▸ **YOUR GOAL**
The copy has to match the records word for word and include no pictures.

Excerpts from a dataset
----------------------------------------
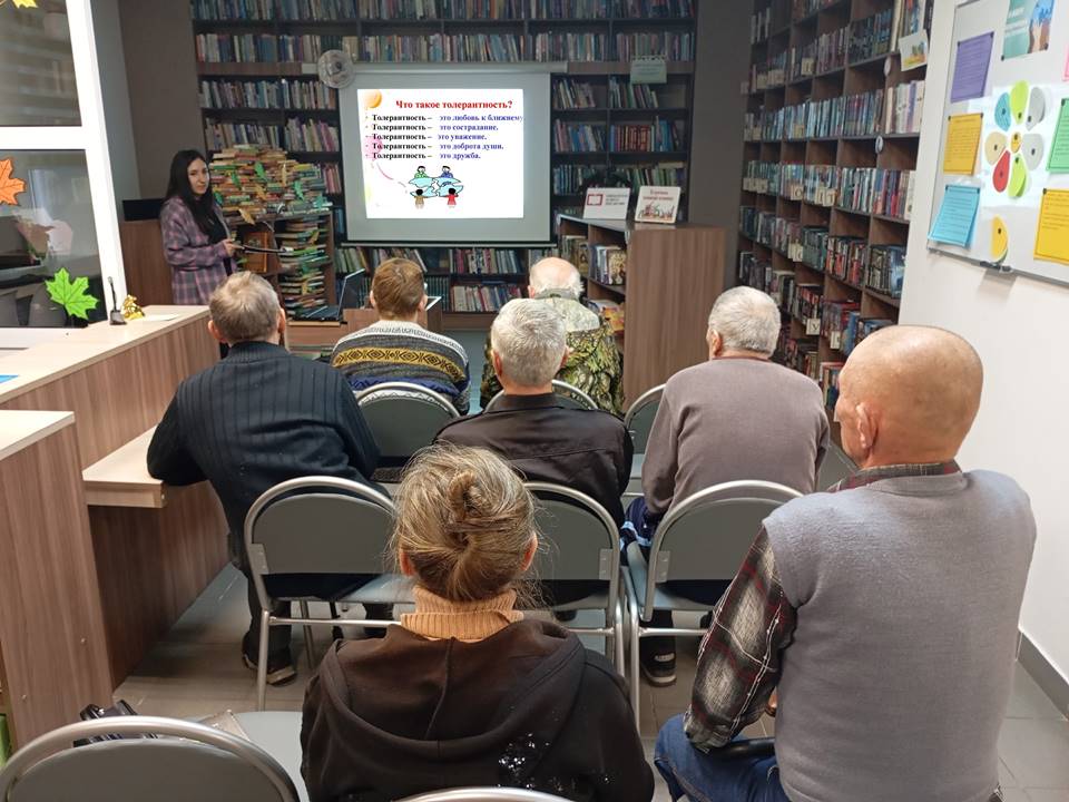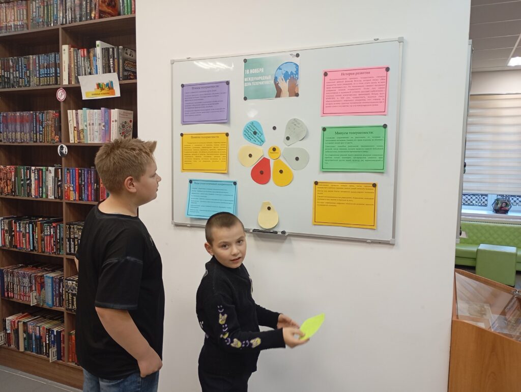 Для гостей на абонементе была проведена игровая программа «Страна толерантности», где читателям рассказали об основных принципах толерантности, о толерантном поведении: уважении друг к другу, к обычаям и традициям народов. Участники мероприятия написали своё мнение на лепестках «цветка толерантности»: что они понимают под этим словом?
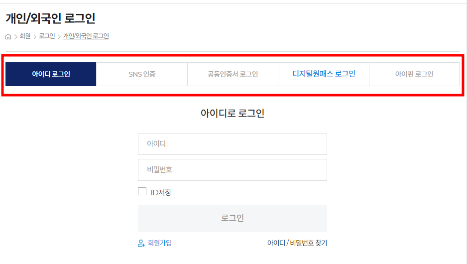 혹은 위의 바로가기를 통해 보다 간편하게 로그인 페이지로 이동합니다.
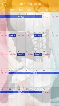 10/04(土) | 10/05(日) | 10/06(月) | 10/07(火) | 10/08(水) | 10/09(木) | 10/10(金) |
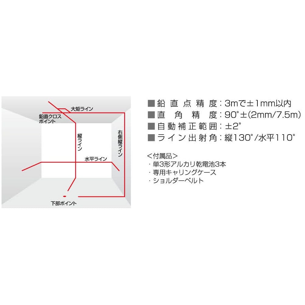 明るい場所でも見やすい高輝度レーザーです。精密な地墨合わせができる360度回転微調整機能付です。本体に直接三脚の取り付けができます。
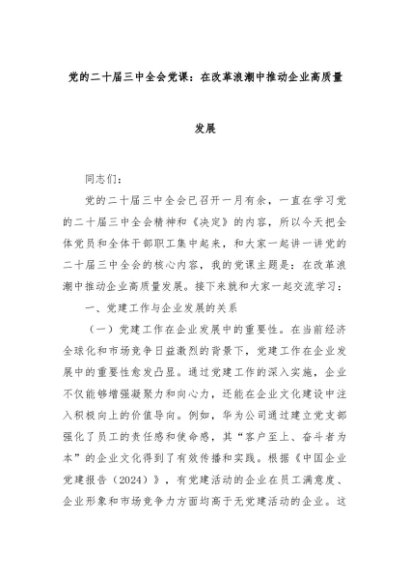 【七哥公文】2024年:党的二十届三中全会党课:在改革浪潮中推动企业高质量发展+更多免费公文+VX:QiGeGongWen2024
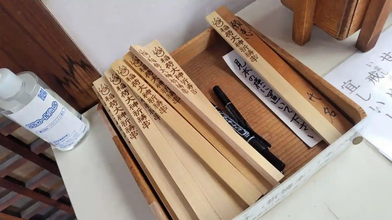 御朱印や呪符は引出しの中にあります。初穂料は賽銭箱へ。
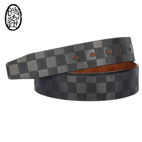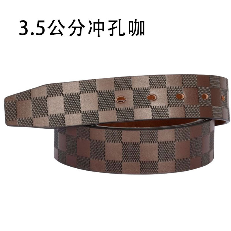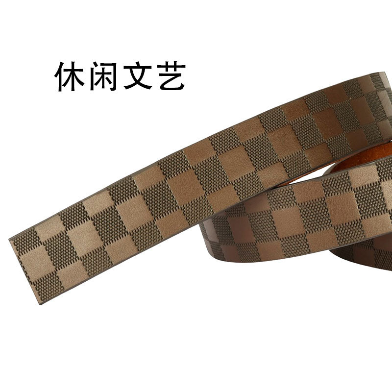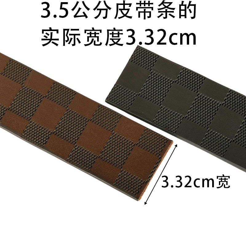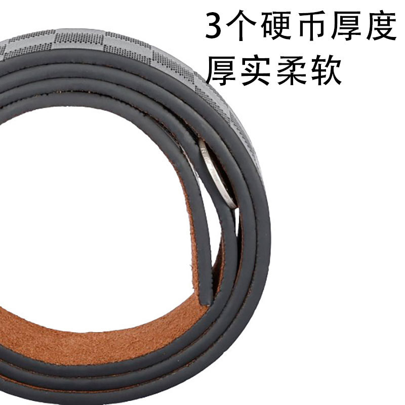 High-quality second-layer cowhide leather and classic check pattern, soft to the touch, with leather logo and length markings on the belt back.
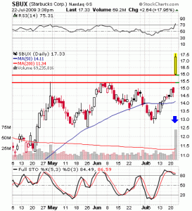 Starbucks had a great earnings reaction today and broke out over resistance. While the stock is too overextended to enter now, I will stalk this chart and likely enter on a pullback to the bottom of the breakout bar.
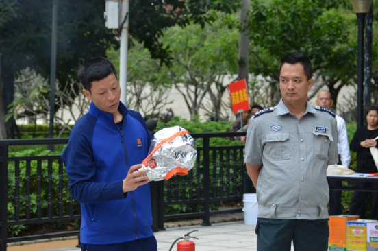 在消防设备设施操作讲解环节,讲解人员进行微型消防站实操展示,对灭火器、面罩等消防工具使用进行详细讲解,并组织职工代表按照“提、拔、握、压”的要领,使用灭火器现场开展消防灭火演练。
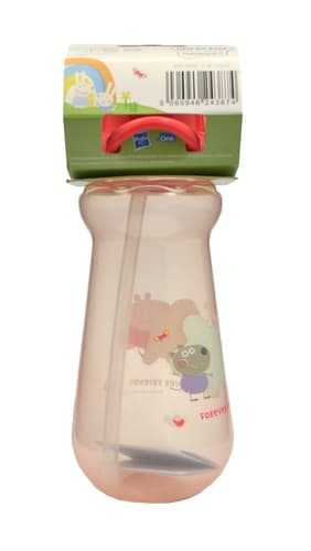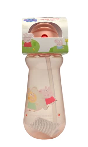 Praktická láhev s brčkem pro děti od šesti měsíců, ideální pro učení samostatného pití. S veselým motivem Peppa Pig je zábavná a pohodlná pro malé ruce.
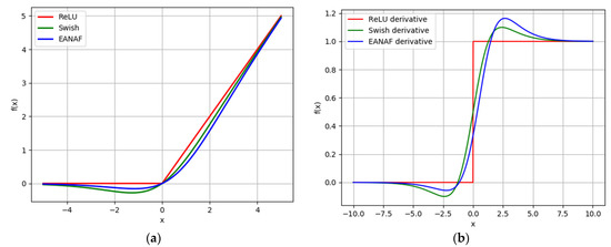 (a) The comparative graph and (b) the first-order derivatives of the ReLU function, the Swish function and the proposed EANAF.
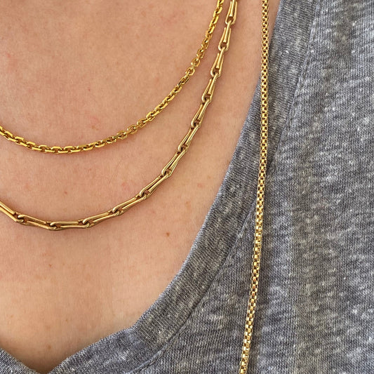 Vintage 9ct Gold Faceted Oval Link Chain (Biker Chain) | 16" | 15.4g
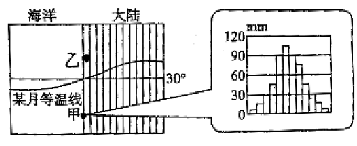 2、单选题 读图,回答下题:1.图示中某月最可能是2.甲地仅位于3.关于乙地气候类型的成因与分布规律的叙述,正确的是
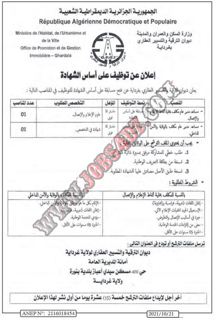 يعلن ديوان الترقية والتسيير العقاري بولاية غرداية عن فتح مسابقة على اساس الشهادة للتوظيف في المناصب التالية
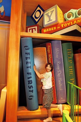 続いてウッディの口を通って施設内に入った彼女は、まるでおもちゃ箱をひっくり返したかのような広々とした空間に、再び大興奮! おもちゃの大砲やトランプタワー、巨大な塗り絵やドミノ、サイコロの山などを夢中で見て回っていたが、そのなかでも特に注目していたのが、通路沿いの壁に貼られたアトラクションの説明板だった。
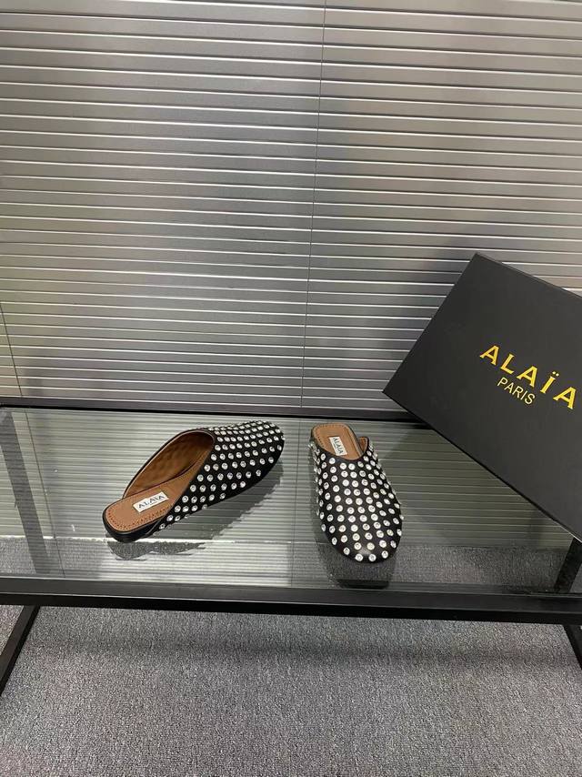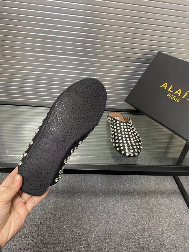 Alaia runway style flat ballet flats! A super popular ballet flat with a sweet and cool ballet style, romantic, charming, comfortable, and versatile. Made with original custom-made cowhide with Swarovski crystal upper, sheepskin lining, and custom-molded rubber non-slip outsole. Sizes: 35-41. Sizes 40 and 41 are custom-made and non-refundable.
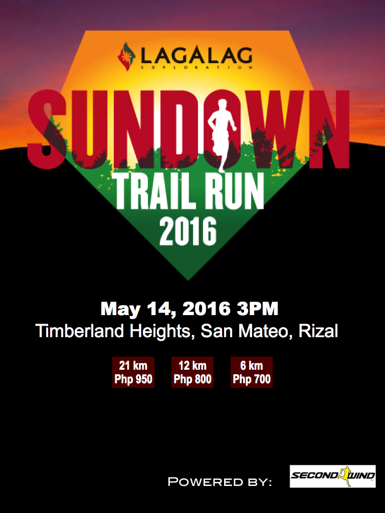 The Lagalag Sundown Eco-Trail Run will be the first of the Lagalag trail running series this year. It’s happening on May 14, 2016 at Timberland Heights, San Mateo, Rizal. This race is open for both newbies and veteran trail runners.
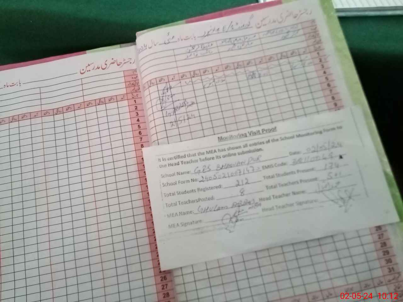 | Attendance Register | Head Teacher | MEA with School | Visit Proof |
----------------------------------------
▸ **ANSWER FOR THE TASK**
 Для гостей на абонементе была проведена игровая программа «Страна толерантности», где читателям рассказали об основных принципах толерантности, о толерантном поведении: уважении друг к другу, к обычаям и традициям народов. Участники мероприятия написали своё мнение на лепестках «цветка толерантности»: что они понимают под этим словом?
 혹은 위의 바로가기를 통해 보다 간편하게 로그인 페이지로 이동합니다.
 10/04(土) | 10/05(日) | 10/06(月) | 10/07(火) | 10/08(水) | 10/09(木) | 10/10(金) |
 明るい場所でも見やすい高輝度レーザーです。精密な地墨合わせができる360度回転微調整機能付です。本体に直接三脚の取り付けができます。
 【七哥公文】2024年:党的二十届三中全会党课:在改革浪潮中推动企业高质量发展+更多免费公文+VX:QiGeGongWen2024
 御朱印や呪符は引出しの中にあります。初穂料は賽銭箱へ。
 High-quality second-layer cowhide leather and classic check pattern, soft to the touch, with leather logo and length markings on the belt back.
 Starbucks had a great earnings reaction today and broke out over resistance. While the stock is too overextended to enter now, I will stalk this chart and likely enter on a pullback to the bottom of the breakout bar.
 在消防设备设施操作讲解环节,讲解人员进行微型消防站实操展示,对灭火器、面罩等消防工具使用进行详细讲解,并组织职工代表按照“提、拔、握、压”的要领,使用灭火器现场开展消防灭火演练。
 Praktická láhev s brčkem pro děti od šesti měsíců, ideální pro učení samostatného pití. S veselým motivem Peppa Pig je zábavná a pohodlná pro malé ruce.
 (a) The comparative graph and (b) the first-order derivatives of the ReLU function, the Swish function and the proposed EANAF.
 Vintage 9ct Gold Faceted Oval Link Chain (Biker Chain) | 16" | 15.4g
 2、单选题 读图,回答下题:1.图示中某月最可能是2.甲地仅位于3.关于乙地气候类型的成因与分布规律的叙述,正确的是
 يعلن ديوان الترقية والتسيير العقاري بولاية غرداية عن فتح مسابقة على اساس الشهادة للتوظيف في المناصب التالية
 続いてウッディの口を通って施設内に入った彼女は、まるでおもちゃ箱をひっくり返したかのような広々とした空間に、再び大興奮! おもちゃの大砲やトランプタワー、巨大な塗り絵やドミノ、サイコロの山などを夢中で見て回っていたが、そのなかでも特に注目していたのが、通路沿いの壁に貼られたアトラクションの説明板だった。
 Alaia runway style flat ballet flats! A super popular ballet flat with a sweet and cool ballet style, romantic, charming, comfortable, and versatile. Made with original custom-made cowhide with Swarovski crystal upper, sheepskin lining, and custom-molded rubber non-slip outsole. Sizes: 35-41. Sizes 40 and 41 are custom-made and non-refundable.
 The Lagalag Sundown Eco-Trail Run will be the first of the Lagalag trail running series this year. It’s happening on May 14, 2016 at Timberland Heights, San Mateo, Rizal. This race is open for both newbies and veteran trail runners.
 | Attendance Register | Head Teacher | MEA with School | Visit Proof |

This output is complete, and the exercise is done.